Since saturation and value do make more sense on a continuous scale, let’s draw a scatterplot for each cluster with saturation on the x-axis and value on the y-axis. I’m also going to map hue to the color of each point, but since hue is abstract on its own, I’m actually just going to replace it with the hex values (i.e., the actual color).
colortweets_df_hsv %>%
ggplot(aes(s, v, color = hex)) +
geom_point() +
scale_color_identity() +
lemon::facet_rep_wrap(~cluster) +
theme_void(base_size = 16, base_family = "Montserrat Medium") +
theme(
plot.margin = margin(3, 5, 5, 5, "mm"),
strip.text = element_text(margin = margin(b = 3, unit = "mm")),
panel.border = element_rect(color = "black", fill = NA),
panel.background = element_rect(fill = "grey75", color = NA)
)
Here’s the mappings spelled out again:
Our plot above reinforce what we’ve found before. Colors are more likeable (literally) the more they…

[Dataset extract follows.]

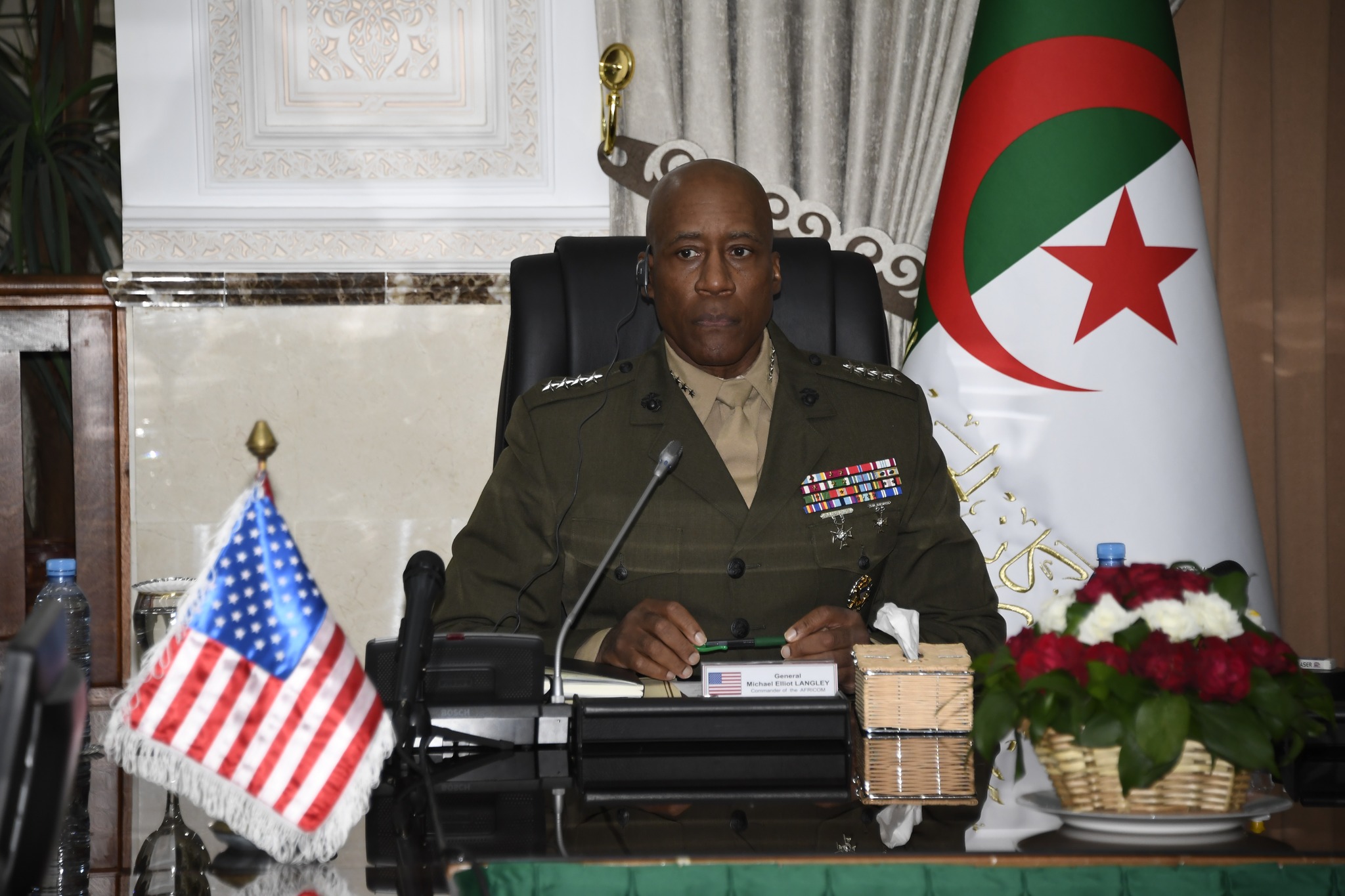 Pour sa part, le commandant de l’AFRICOM a exprimé, dans son allocution, son plaisir de visiter l’Algérie, ce qui lui a permis de discuter avec le Haut Commandement de l’Armée Nationale Populaire des différentes questions sécuritaires sur la scène internationale et régionale, conclut le communiqué.
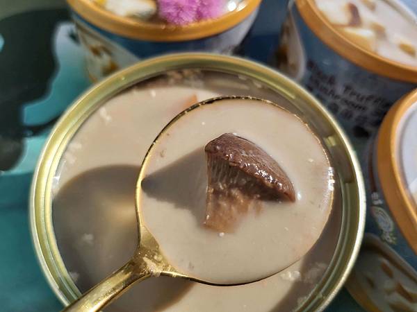這罐「黑松露菌菇濃湯」味道很濃,濃湯裡還有杏鮑菇與鷹嘴豆增加口感與滋味的豐富度。這次三種口味濃湯我最喜歡這罐!

Move away from green: Neon-green dominates the least-liked cluster, and that’s a blatant fact. Some forest-greens survive to the lesser-liked cluster, but is practically absent in the more-liked cluster and most-liked cluster. It looks like the only way for green to be redeemable is to either mix in with blue to become cyan and turquoise, which dominates the more-liked cluster, or severly drop in saturation to join the ranks of other pastel colors in the most-liked cluster.
Increase in value and decrease in saturation: It’s clear that the top-left corner is dominated by the more-liked and the most-liked cluster. That region is, again, where pastel colors live. They’re calmer than the bright neon colors that plague the least-liked cluster, and are more liked than highly-saturated and intense colors like those in the top right of the Outer-Mid panel. So perhaps this is a lesson that being “colorful” can only get you so far.
Obviously, all of this should be taken with a grain of salt. We don’t know the people behind the likes - their tastes, whether they see color differently, what medium they saw the tweet through, their experiences, etc.
And of course, we need to remind ourselves that we rarely see a color just by itself in the world. It contrasts and harmonizes with other colors in the environment in very complex ways.
But that’s what kinda makes our analysis cool - despite all these complexities, we see evidence for many things that experts working with color emphasize: avoid pure neon, mix colors, etc. This dataset also opens us up to many more types of analyses (like an actual cluster analysis) that might be worth looking into.
Good stuff.